:: What is being asked ::
The copy you return must match the listing word for word and carry no pictures.

:: Exercise data ::
- - - - -

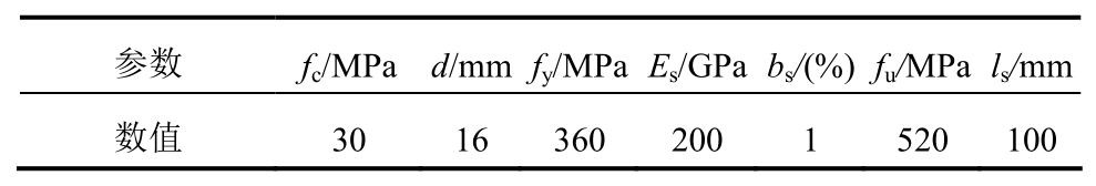 参数 fc/MPad/mmfy/MPa Es/GPa bs/(%) fu/MPals/mm数值 30 16360 200 1 520100
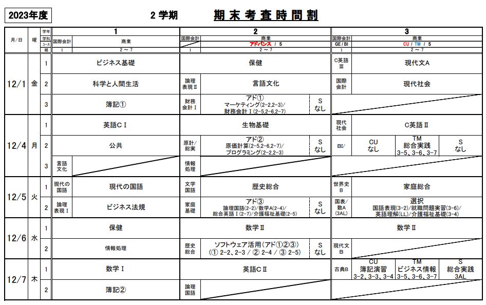 2学期期末考査時間割(PDF:105KB)
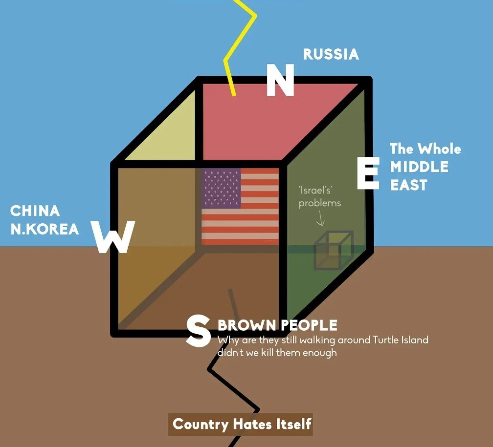 На севере Америка уже проиграла России. На юге они сталкиваются с собственным незавершенным геноцидом - надоедливые коричневые люди все еще ходят по земле, не уважая колониальные границы. Далее, на востоке, - незавершенный геноцид Израилем Палестины, превратившийся в региональное восстание против Америки. Наконец, на западе есть Китай, с которым Америка действительно хочет бороться, но они не могут даже подойти к стойке бара без того, чтобы десять других парней не нанесли им удар.
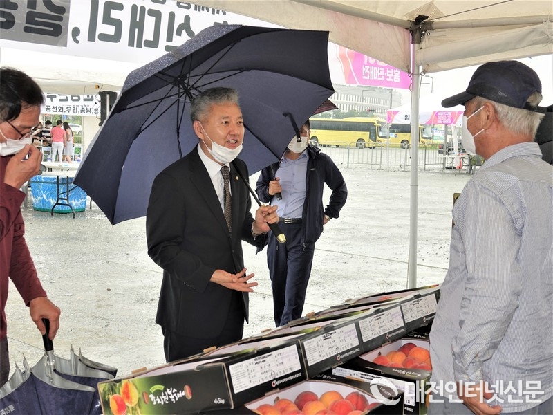 특히 빗속에 개최된 복숭아 판매전 첫날 방문객의 발길이 뜸해, 애태우던 농심을 홍성국 의원(세종 갑)이 판매장을 방문, 농민을 격려하고, 농가의 애로사항을 경청하며 힘을 실어줬다.

- - - - -

:: Solution ::
 参数 fc/MPad/mmfy/MPa Es/GPa bs/(%) fu/MPals/mm数值 30 16360 200 1 520100
 2学期期末考査時間割(PDF:105KB)
 На севере Америка уже проиграла России. На юге они сталкиваются с собственным незавершенным геноцидом - надоедливые коричневые люди все еще ходят по земле, не уважая колониальные границы. Далее, на востоке, - незавершенный геноцид Израилем Палестины, превратившийся в региональное восстание против Америки. Наконец, на западе есть Китай, с которым Америка действительно хочет бороться, но они не могут даже подойти к стойке бара без того, чтобы десять других парней не нанесли им удар.
 특히 빗속에 개최된 복숭아 판매전 첫날 방문객의 발길이 뜸해, 애태우던 농심을 홍성국 의원(세종 갑)이 판매장을 방문, 농민을 격려하고, 농가의 애로사항을 경청하며 힘을 실어줬다.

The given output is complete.